Bluebell were one of the strongest teams in the division during the 1980s, winning the league four times and finishing as runners-up on four occasions during the decade. Ahead of the 1988–89 season, the league was reorganised with Division 1 replaced by the new Senior Division.

=== Millennium ===

At the turn of the century, the league was dominated by four teams with only Crumlin United, Cherry Orchard, Wayside Celtic and Bangor Celtic winning the title.
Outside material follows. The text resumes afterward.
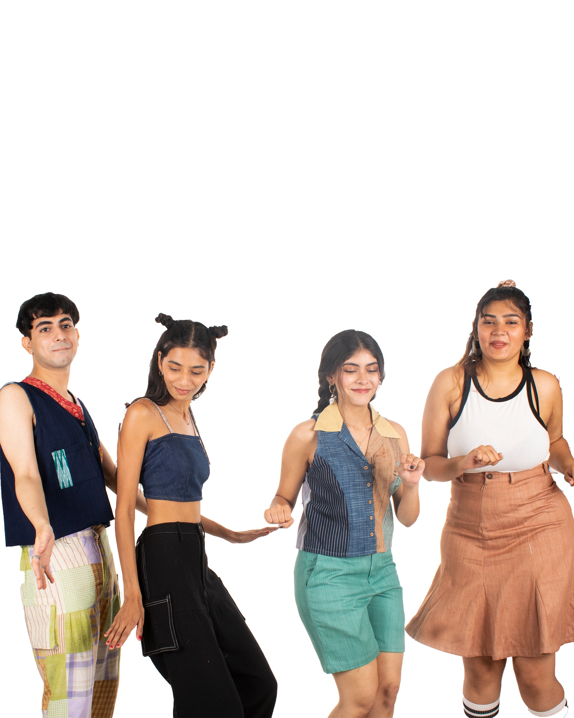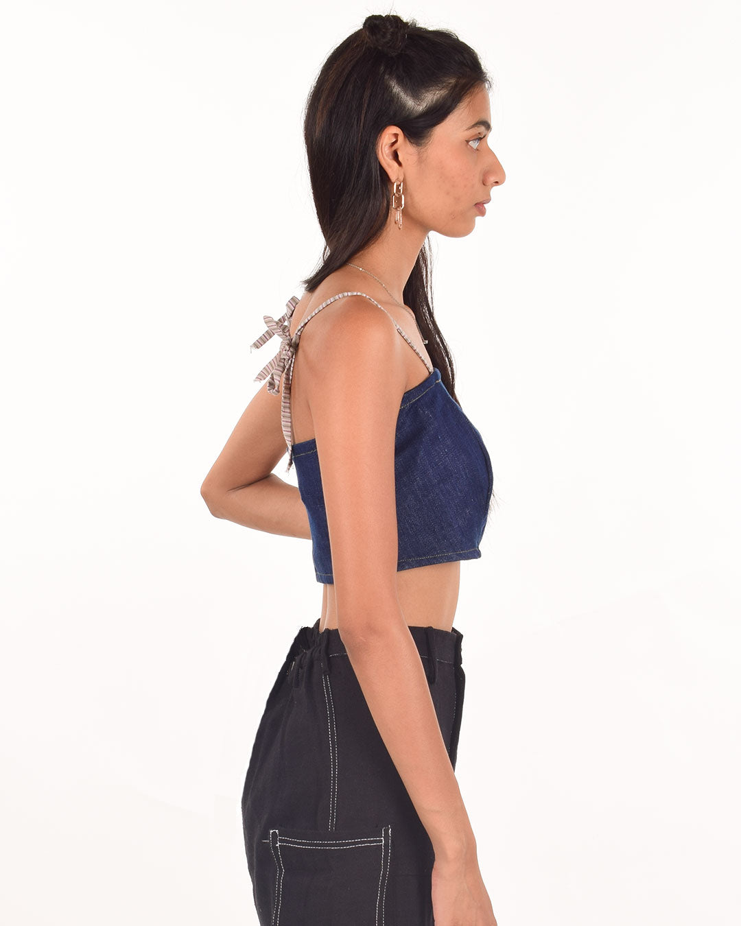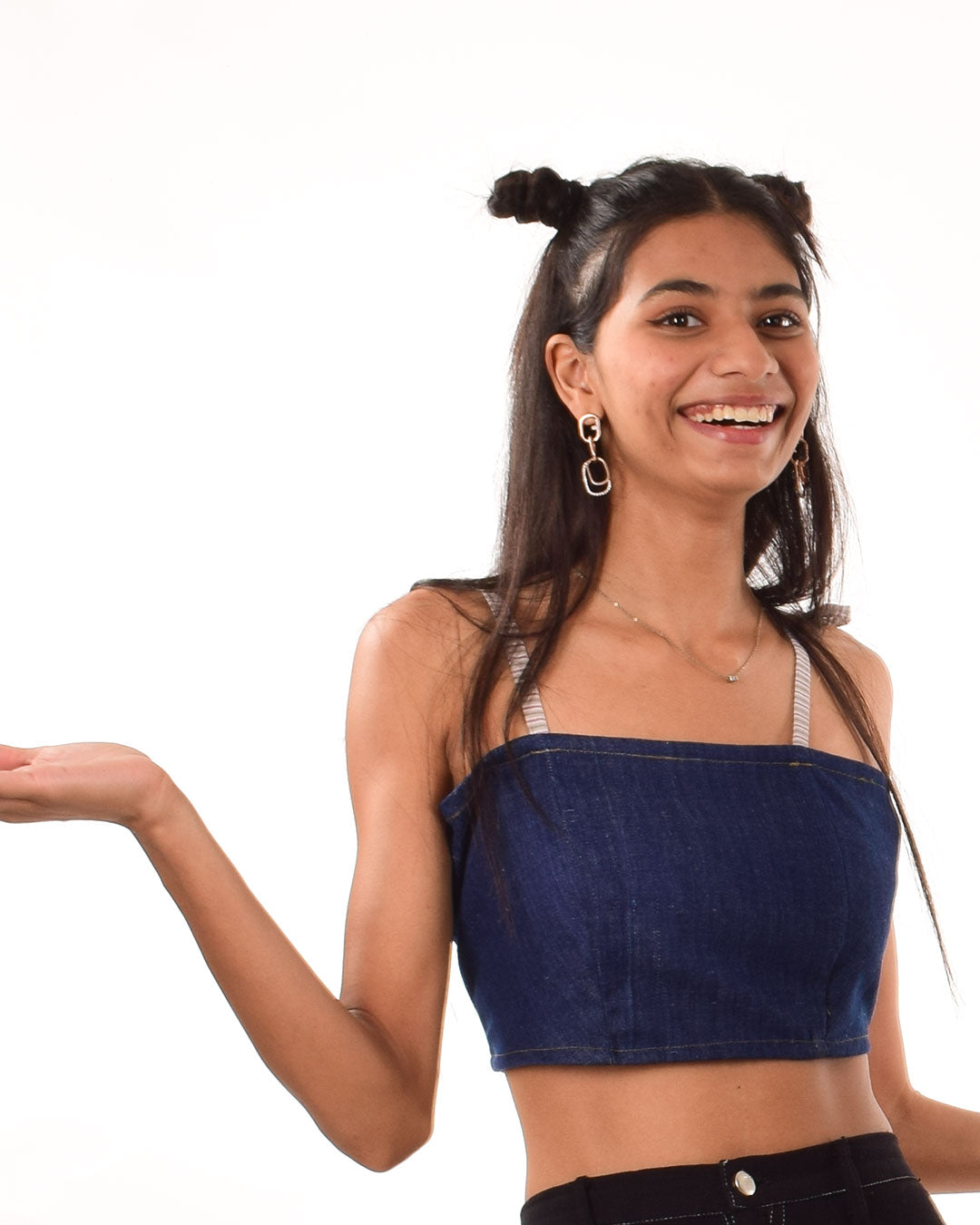 Crop top in cotton khaadi denim with a square neckline, shoulder straps made with contrast chindis, and a zip at the side. Layer it with a printed shirt or pair it with a skirt / high-waisted trousers for a simple look. Upcycled by leftover khaadi denim at khaadi Bhandar, Gujarat.

After 14 seasons, Bluebell United broke the dominance by becoming the 2014–15 Leinster Senior League champions, ending their own 27-year wait for a Charlie Beahan Cup.

== List of winners by club ==
- Brackets indicate a victory for the club's reserve team.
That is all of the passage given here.